The old man tried desperately to slow his heartbeat, knowing wolves can hear fear. He cradled his weapon, his finger inside the trigger guard applying gentle pressure.
“Tolstoy,” he said softly. “Where’s your weapon?”
“Inside the tent.”
“Shit. We’re going to need two weapons at least…”
“Yes, sir, we will.”
“I need to do something, okay? These bastards have picked up our fear scent… Think you can make it across to the jeep? To the .50 cal.?”
“Maybe, sir.”
“I won’t order you to try.”
“It’s our only chance, Colonel. I’m fucking petrified and they know it. Look at them!”
“Wait, I’ll try to distract—”
But Tolstoy was already on his feet and running for the jeep at the edge of the clearing. He got maybe twenty yards. In the blur of a second he went down, buried beneath four or five of the frenzied beasts, the boy’s screams silenced as the wolves ripped him apart in chunks… a frenzy of blood and snapping bones.
“Leave him alone, goddamn you!” the colonel cried, leaping to his feet. He had his weapon on full auto and he cut loose on the animals attacking the young soldier. Because of the intensity of his focus he didn’t see the rest of the pack. Didn’t see the wolves slinking around and coming up on his blind side until it was almost too late.
“Oh, no you don’t,” he said to them, whirling around and eyeing the jeep’s .50 cal. on the far side of the clearing. Wolves were advancing right toward him. He was now the sole focus of their attention and he knew he couldn’t possibly kill them all.
On they came. Their eyes were fiery red in the firelight, their bloody teeth gleaming white with loopy saliva hanging from the jawbones. Coming for him from both sides of the campfire now, more of them than before it seemed, their heads low to the ground now. Waiting for an opening. Beauregard whipped his head around and looked behind him, seeking an escape route. Nothing but dense columns of tree trunks forming a wall behind the tent.
Nowhere to retreat, you have to advance, his military mind yelled at him.

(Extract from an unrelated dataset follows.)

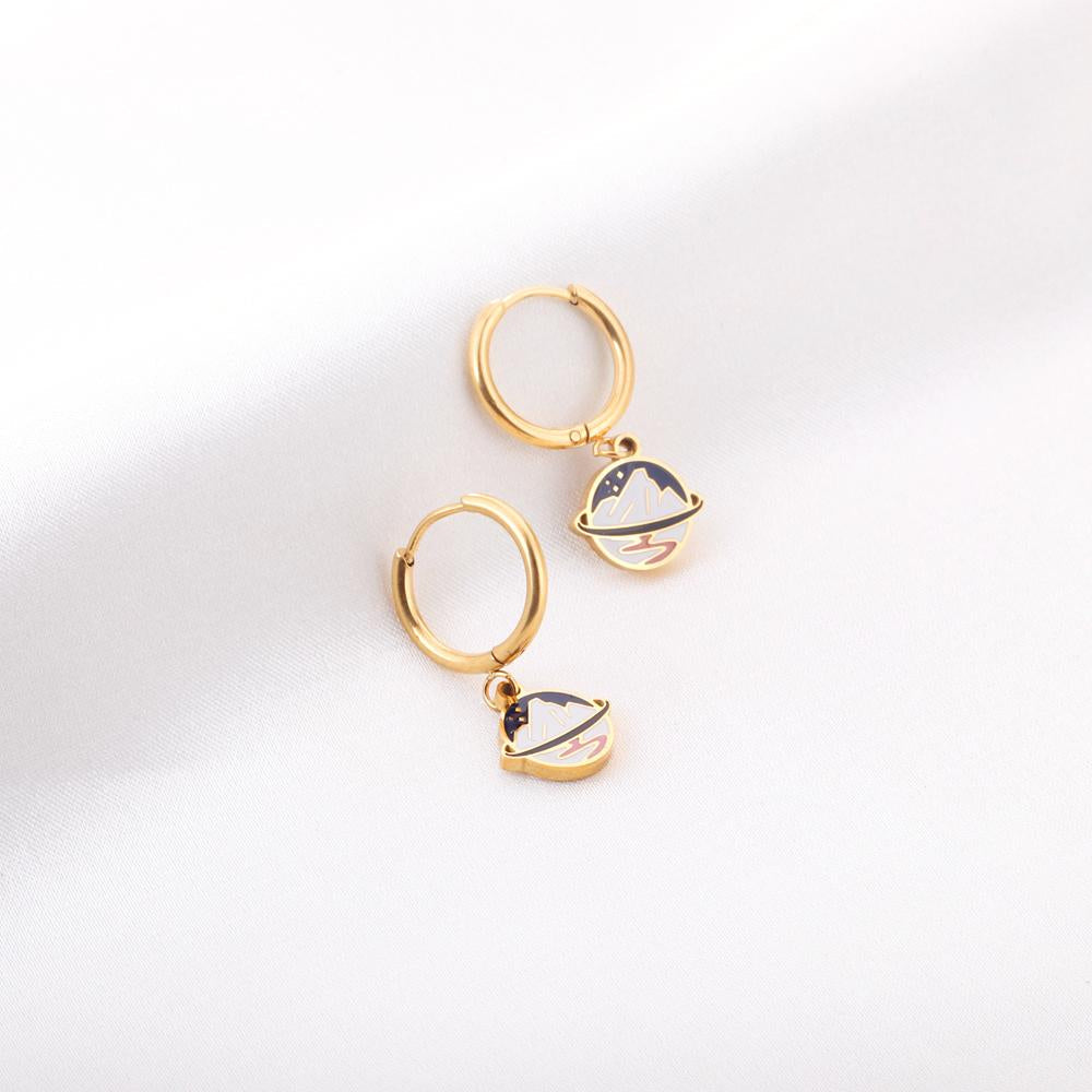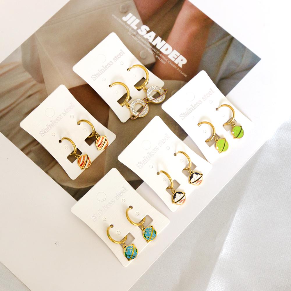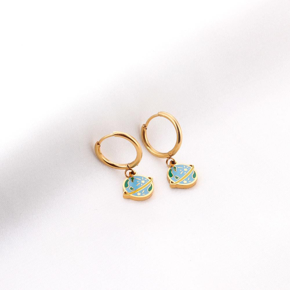 Exquisite pendientes Brand Design Earth Planet Charms Round Geometric Circle Dangle Drop Earrings Acrylic Zirconia

He squeezed the trigger and started spraying lead at the startled beasts as he ran straight ahead into the fire.
“You’ve got me surrounded, you poor bastards!” he cried out to the encircling wolves, flames licking at his boots.
He ran right through the burning embers, straight for the jeep. In the clear at last, two of them snapped at his trousers, but he already had one foot planted inside the vehicle. He grabbed the swivel-mounted fifty and started spraying at everything that moved. He killed and killed, and still they came. More wolves emerged into the clearing, new arrivals attracted by the noise and the smell of blood and the fear. They leaped up at him and he dropped them in midair with quick bursts of concentrated fire.
And still they came.
Worried that his ammo was running out, he grabbed his sidearm and started firing with that, too…

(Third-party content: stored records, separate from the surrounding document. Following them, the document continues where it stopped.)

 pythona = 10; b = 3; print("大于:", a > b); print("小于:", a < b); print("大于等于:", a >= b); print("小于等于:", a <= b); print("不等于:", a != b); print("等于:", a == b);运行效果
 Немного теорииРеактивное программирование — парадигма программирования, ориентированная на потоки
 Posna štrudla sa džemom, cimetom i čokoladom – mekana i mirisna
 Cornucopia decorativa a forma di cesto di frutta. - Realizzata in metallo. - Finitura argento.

And just that quickly, it was over.
Dark humps and blood-soaked piles of dead wolves lay everywhere he looked around the campfire. He climbed down from the jeep and surveyed the scene. The ones who’d survived now slunk off back into the forest. Would they rally the troops and mount another attack?
He looked at his watch.
Another two hours till daylight. Colonel Beauregard lit a cigarette, smiled grimly in the darkness, and reloaded his weapon. In the morning he’d bury Tolstoy. Then he’d crank up the jeep and cross the border into China. Captain Koczak would meet him at the rendezvous coordinates and they’d begin deploying the Vulcan weapons system.
Meanwhile, he’d developed a taste for wolf blood. He heard some movement two or three hundred yards away. He jammed a cigarette between his lips and lit up, smoking furiously to get the nicotine rush.
“Bring it, you bastards,” he said softly. “Bring it.”